雨夜 恒一郎氏ウィークリーコメント FXレポート

一週間のハイライト(12月9日~15日)

ECB理事会やFOMCを控えたドルの買い戻しが先行し、ドル円は一時104.58円まで上昇。

しかし米FDA(食品医薬品局)の諮問委員会が新型コロナウイルス向けワクチンの緊急使用を許可すると、リスク選好のドル売りが強まり、104円台を割り込む展開

ユーロやポンドが上昇(ドルが下落)したことにもつられ、103.51円と11月9日以来の安値を付けました。

ECBはユーロ高を強く牽制せず

ECBは先週の定例理事会で量的緩和拡大を打ち出しましたが、パンデミック緊急購入プログラム(PEPP)の5000億ユーロ増額と9カ月間延長、TLTRO(長期リファイナンスオペ)追加は、いずれも予想の範囲内でユーロ売りにはつながりませんでした。

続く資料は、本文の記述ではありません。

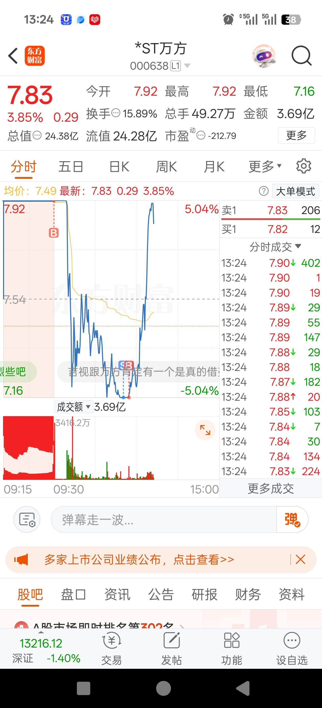 $*ST万方(SZ000638)$ 兄弟们我这是什么S B战法,跌停卖了20手,卖了后不甘心,又买回来15手,我也是醉了

2年8か月ぶりのユーロ高に対しても、「為替レートの動向を注視している」(ラガルド総裁)とコメントするにとどまったことから、ユーロはむしろ上昇しました。

市場ではもっと強くユーロ高を牽制するとの見方が多かったからです。

実際、ユーロ発足以来の非常に長いスパンで見れば、ユーロドルは0.82ドルまで下落したこともあれば、そのほぼ倍の1.60ドルまで上昇したこともあったわけで、現在の1.21ドルはちょうどその真ん中あたり。

極端なユーロ高というほどではなく、まだ口先介入を試みる段階ではないのかもしれません。

ユーロドル長期 出所:NetDania

英・EUは交渉継続

英国とEUの貿易交渉はひとまず決裂を回避し、交渉を継続することを決定しました。

まだ先行き楽観はできないものの、交渉期限としていた13日から次の期限を設けなかったのがポイント。

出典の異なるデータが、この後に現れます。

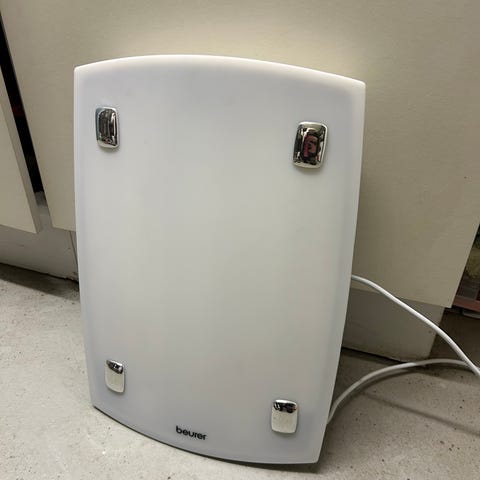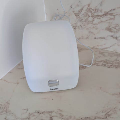 Uudenveroinen Beurer TL 20 kirkasvalolamppu. Toimii pyst- ja vaaka-asennossa näppärän tukijalan ansiosta.

これまで両者は決裂をほのめかしてお互いを牽制していましたが、やはりFTAなしの完全決裂とするつもりはないのではないかと思わされます。

一時は決裂も覚悟しただけに、12月中にも合意の可能性が浮上してくれば、ユーロとポンド双方にとって朗報となります。

リスクオンのドル安

このように、ユーロやポンドが買われやすい地合いであることに加えて、ドル安もかなり進行しています。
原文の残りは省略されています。